An outside evaluation is the best way to determine if residents — especially in lower-income neighborhoods where people are more likely to be underinsured or uninsured — are getting the help they need.

Another crucial step will be identifying ways to continue funding mental health services once the city’s pandemic money runs out. Since 2019, the city’s budget for mental health services has increased substantially, from $12 million to $89 million — a good chunk of that made possible with federal pandemic aid.

City officials say there’s enough money to keep the mental health plan operating for the next four years. Beyond that, the hope is that additional money from the city, and from higher Medicaid reimbursements to community partners, will keep the network afloat.

Who’s been helped

So far, the numbers are a positive sign.

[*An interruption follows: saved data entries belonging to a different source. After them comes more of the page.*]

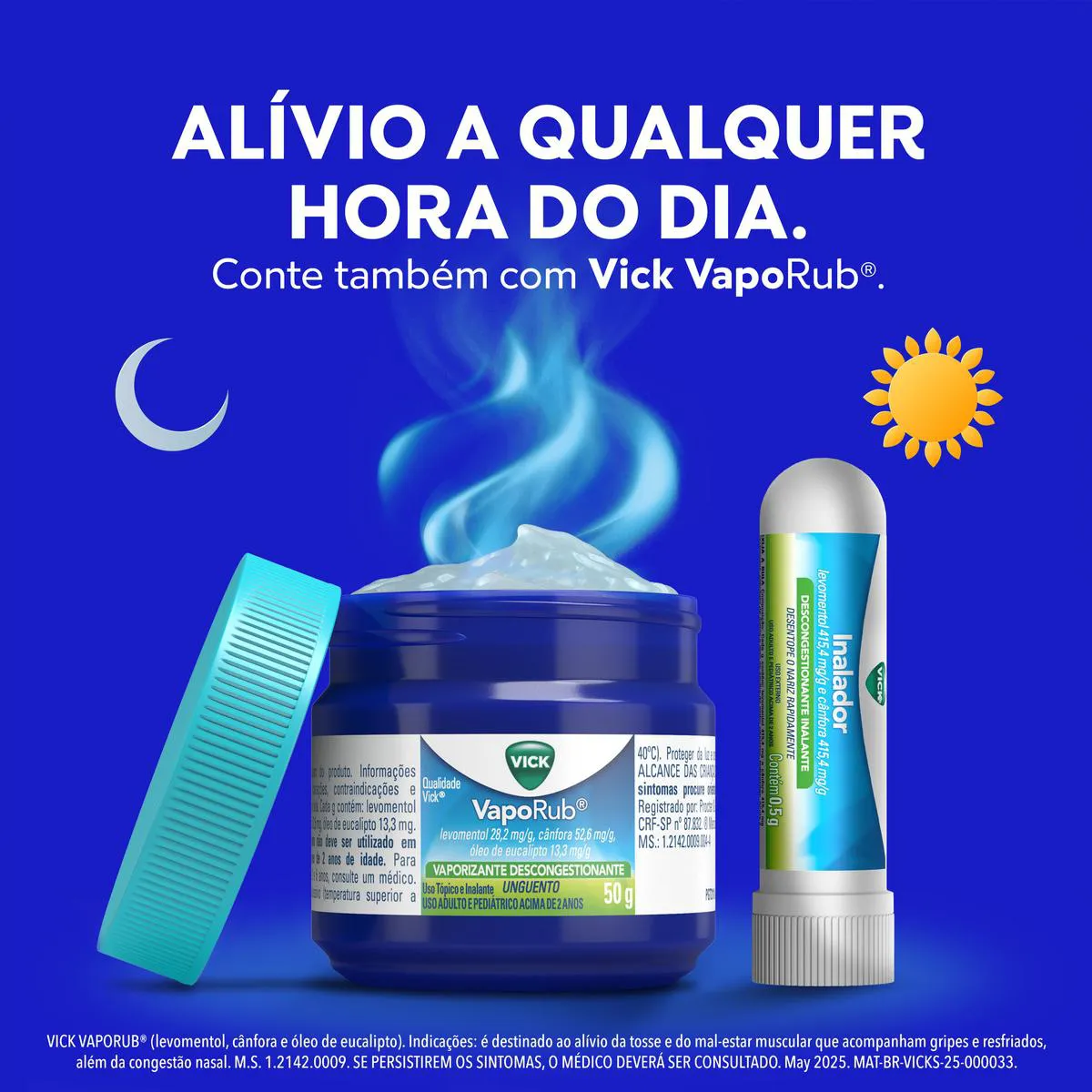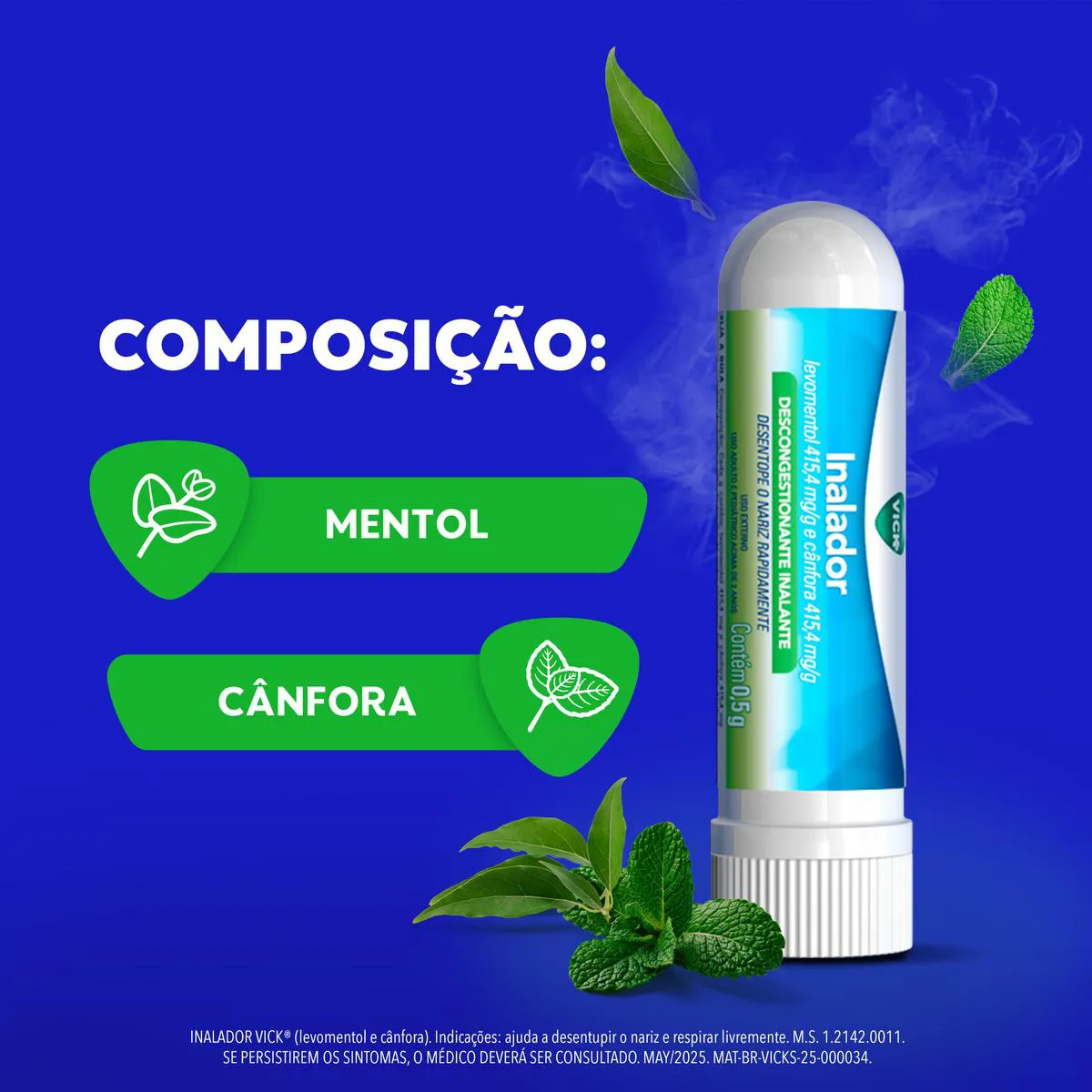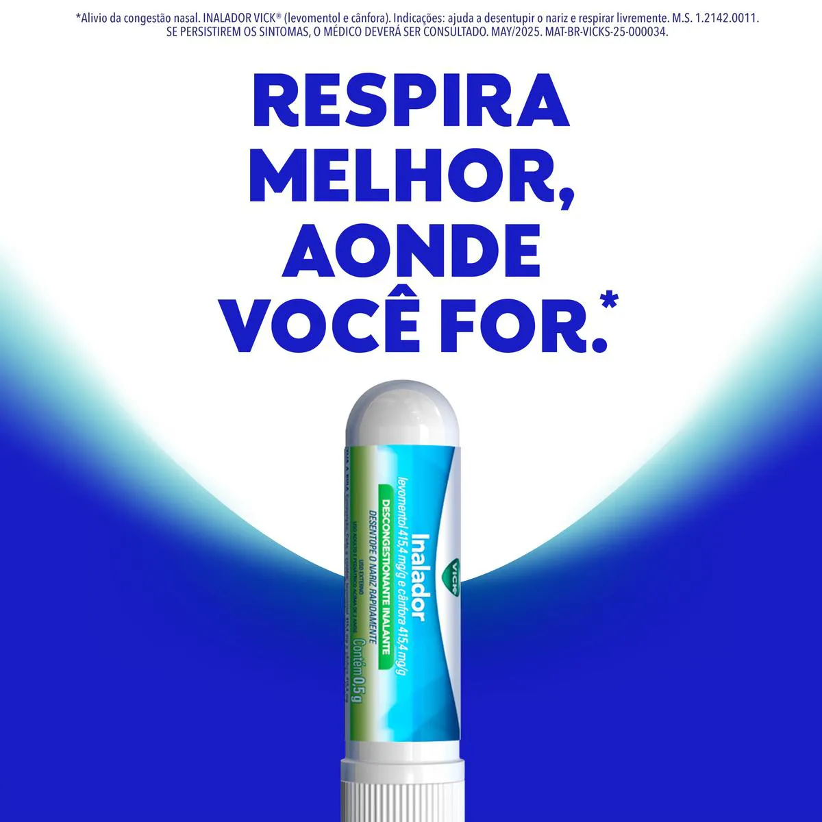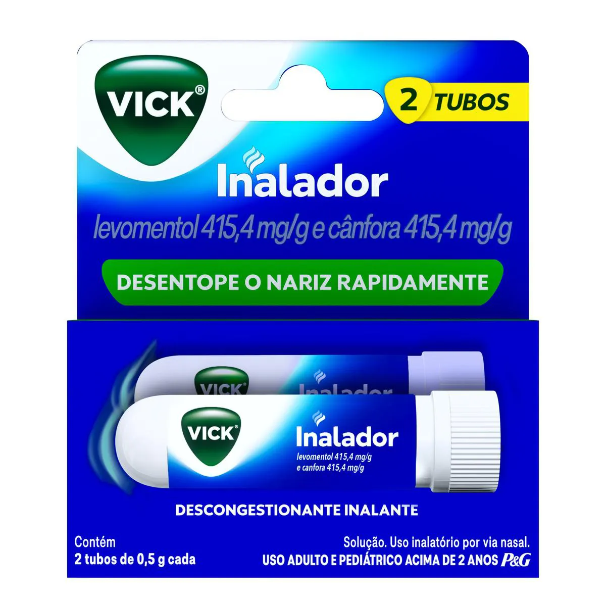 O Vick Inalador Pack c/ 2 é um descongestionante nasal em formato de bastão, indicado para o alívio rápido do nariz entupido causado por gripes e resfriados. Sua ação ocorre por meio da inalação de vapores de mentol e cânfora, que atuam diretamente na mucosa nasal, proporcionando sensação de respiração livre e frescor em poucos segundos.
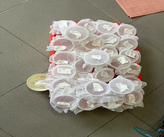 - Sau 60 phút, chuyển muỗi sang lồng sạch, cho hút dung dịch đường glucose 10%, để muỗi ở phòng sạch và ghi nhận tỷ lệ muỗi chết sau 24 giờ.
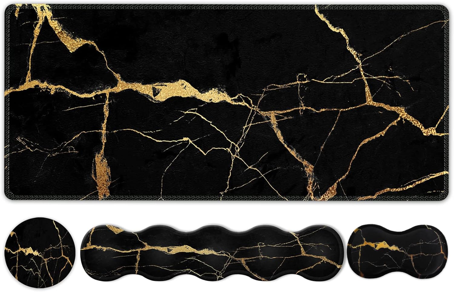 Ideal Desk Pad: Includes 1 x Large Mouse Pad, 1 x Keyboard Wrist Rest Pad, 1 x Mouse Pad Wrist Support, 1 x Coaster. Designed with vibrant printing pattern, wavy shape and modern style with classic and elegant elements, our computer mouse pad set protects your desktop.
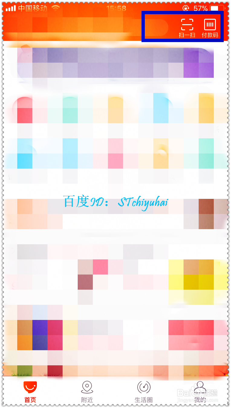5、我们去线下店铺选择商品,然后去前台支付,返回口碑APP主界面,在右上角有个支付码,和支付宝支付码一样的,点击给收银员扫描即可。
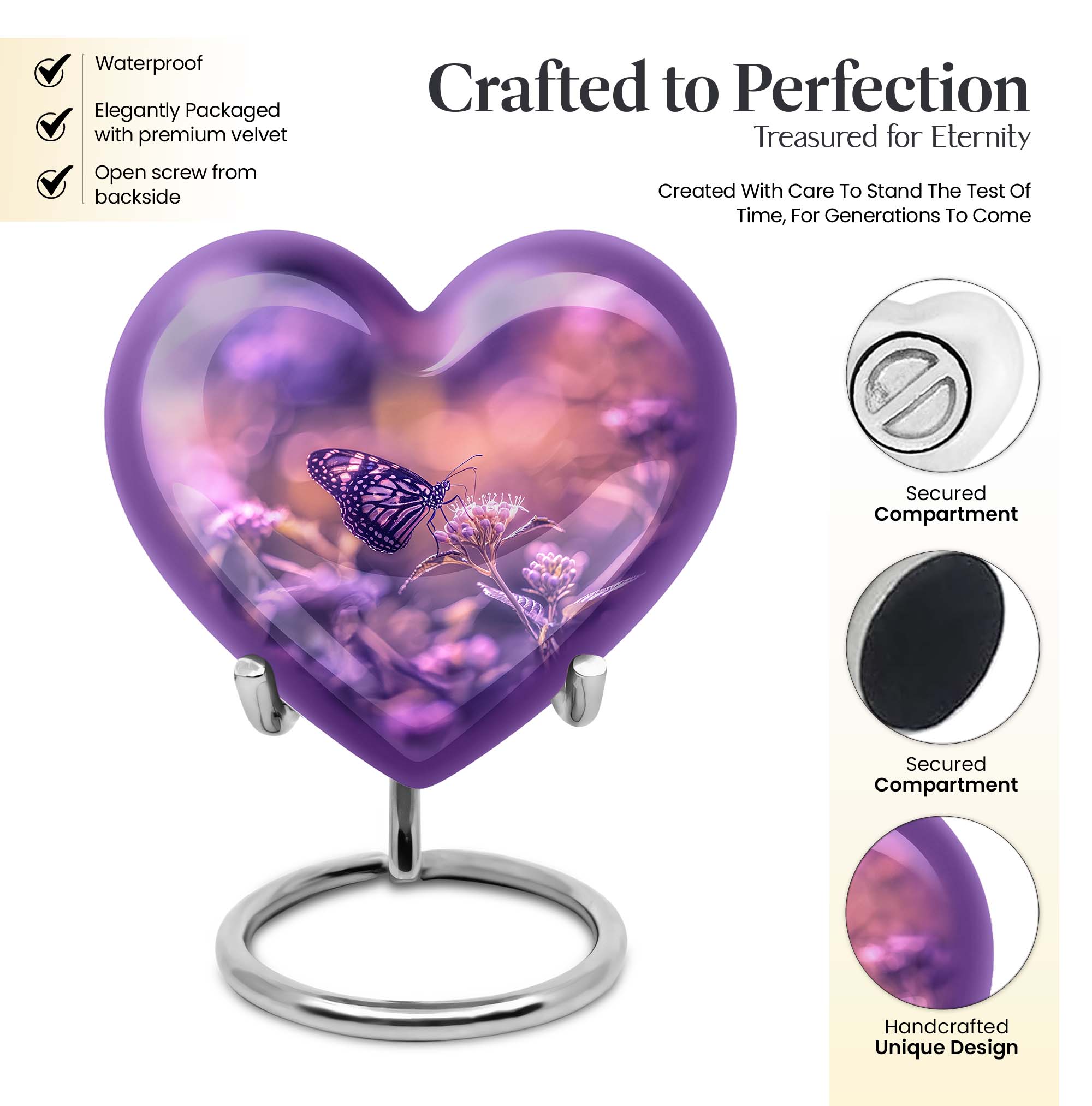 A thoughtful option for those searching for human ash urns, ash keepsakes for human ashes, or small urn for human ashes, this butterfly urn provides both dignity and symbolic beauty for families who wish to keep memories close.
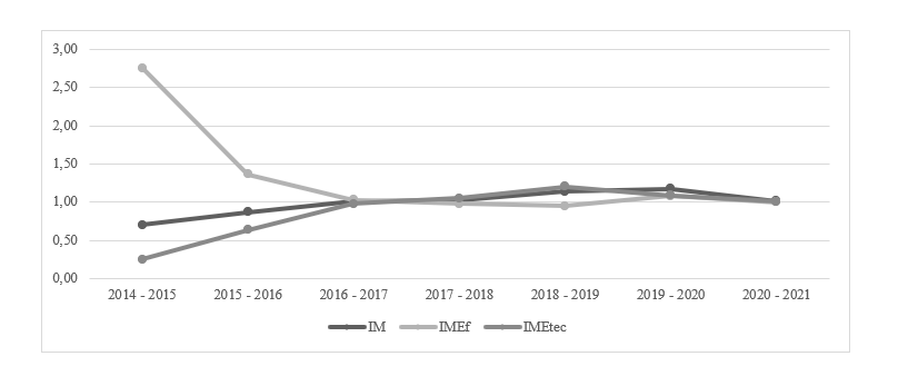 Assim como o IM, um valor acima de 1 indica um aumento do IMEf e do IMEtec do período t para o período t+1. Quando o valor se mantém em 1 indica que não houve alteração, e quando menor que 1 indica uma diminuição dos índices.
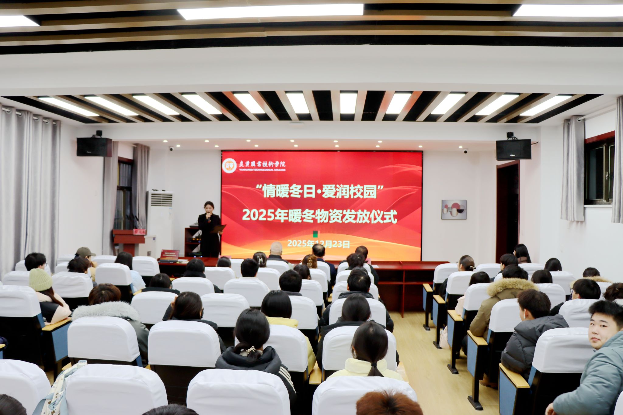 岁末天寒,暖意不减。为切实保障家庭经济困难学生温暖过冬,传递学校对学子的深切关怀与殷切期望,我校于中正楼阶梯教室开展2025年“暖冬助航”物资发放活动。校党委副书记、常务副院长孙志顶、学生工作处处长邱芳贤、学生资助中心负责人及受助学生代表共同参加了本次活动。
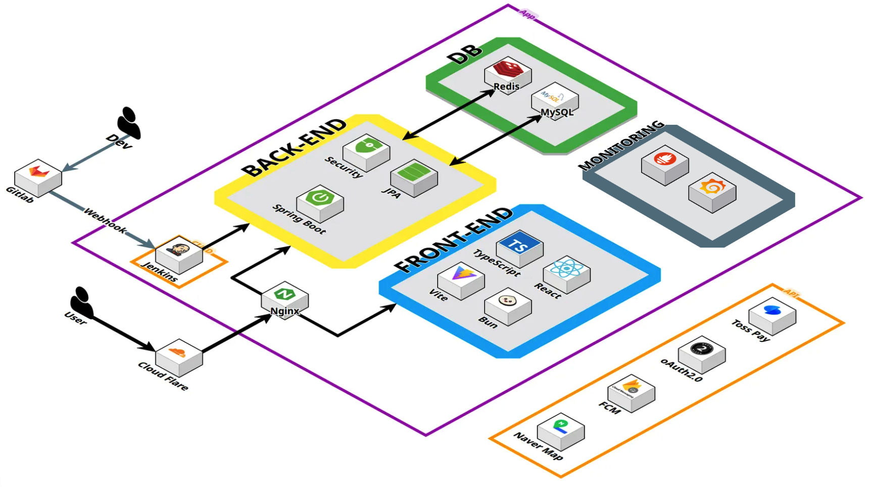 백엔드 관련 인프라 대부분을 내가 담당했다. 방학 때, 홈 클라우드를 구축한 경험이 아주 큰 도움이 됐다.
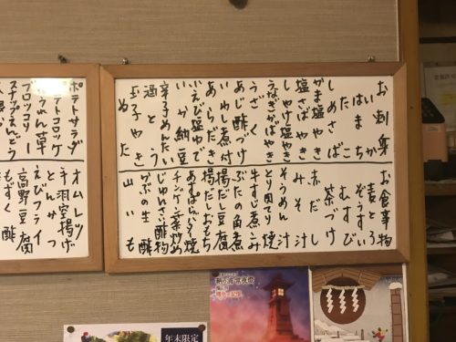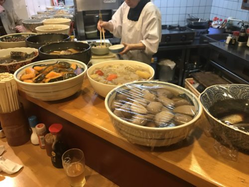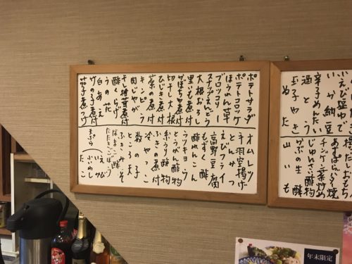 メニューをみながらいろいろとお願いしました!カウンターの上にもたくさんの一品料理が並んでいます。こういうお店ってもうほとんどないですからね~。本当に落ち着きます。お母さんにはいつまでも元気でいてほしいですね。
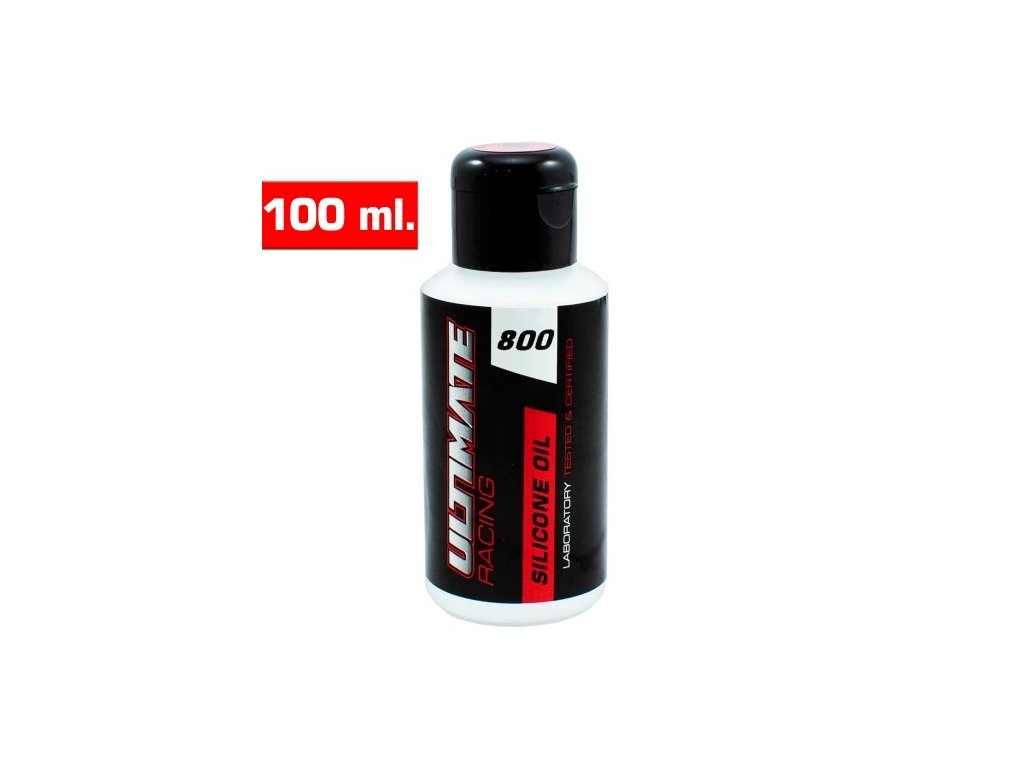 Jedná se o 100 ml lahvičku silikonového oleje Ultimate Racing 800 cSt, který se používá do olejových tlumičů. Tlumičový olej Ultimate Racing je vyroben ze 100% čistého silikonového oleje a v horkém počasí nezřídne a v chladném počasí nezhoustne. Čím vyšší je viskozitní číslo oleje, tím je olej hustší. Silikonový olej Ultimate Racing obsahuje aditiva proti tření, která zajišťuje životnost tlumičů a minimalizují změny viskozity.
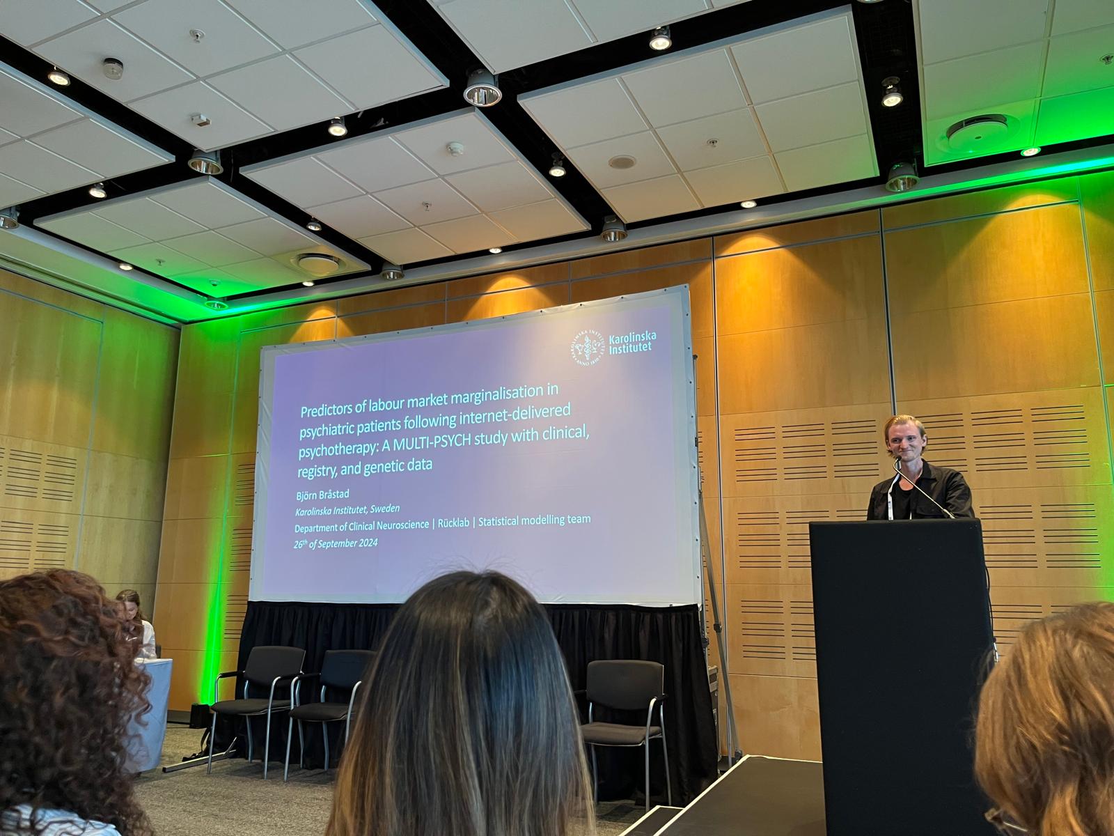 Björn Bråstad presented his work on: ”Predictors of labour market marginalization in psychiatric patients following internet-delivered psychotherapy: a MULTI-PSYCH study with clinical, registry, and genetic data”.
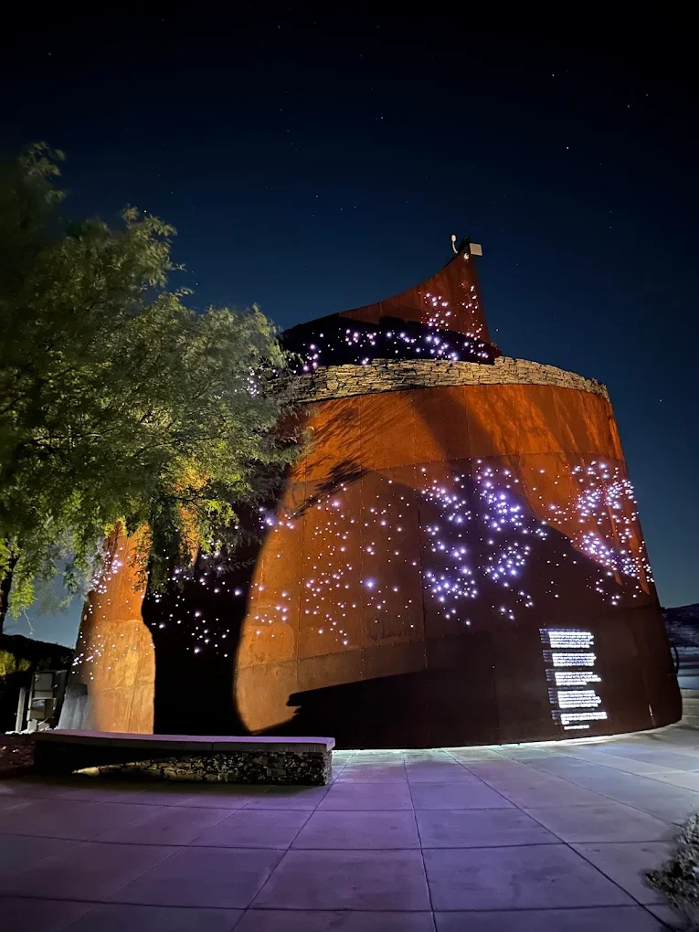 I timed my visit for late afternoon into evening, arrived around sunset to catch the golden light painting the mountains, then stayed as dusk settled. As the sun drops, tiny embedded lights on the tower's exterior start glowing, turning the whole spiral into a twinkling constellation of stars. It's magical. The tower literally lights up like a beacon in the desert night. Once full dark hits, Arizona skies clear up fast, the elevated vantage point gives you a clearer, less obstructed view of the stars than ground level. There are fewer lights from the community below, and you're just high enough to feel immersed. I spotted the Milky Way stretching overhead on a clear night, plus bright planets and constellations popping out vividly. It's peaceful. No crowds, just the quiet desert sounds and that profound sense of vastness that makes you ponder existence.

More than 73,000 Chicagoans — including nearly 14,000 children — received city-funded mental health services in 2022, compared with just 3,651 residents (and no children) in 2019.

In addition, the recent debut of the city’s new 211 phone line is another good sign. Chicago had been the only major city without a 211 number for residents to call for referrals to mental health and social services, such as housing or food assistance.

Now, any resident of Chicago and Cook County can dial 211 to get help, 24 hours a day, seven days a week. Residents can also reach someone by texting their ZIP code to 898211 or can do their own social service agency search by going to 211MetroChicago.org.

“If they are looking for food, they can get connected to the right pantry. But we can also ask them, do you need help with your utilities, do you need help with your rent?” said Sean Garrett, president and CEO of United Way of Metro Chicago, which launched 211 with the city, Cook County and several philanthropic organizations.

Partnerships like these are a positive step — because as a city, we must work together to help those in need.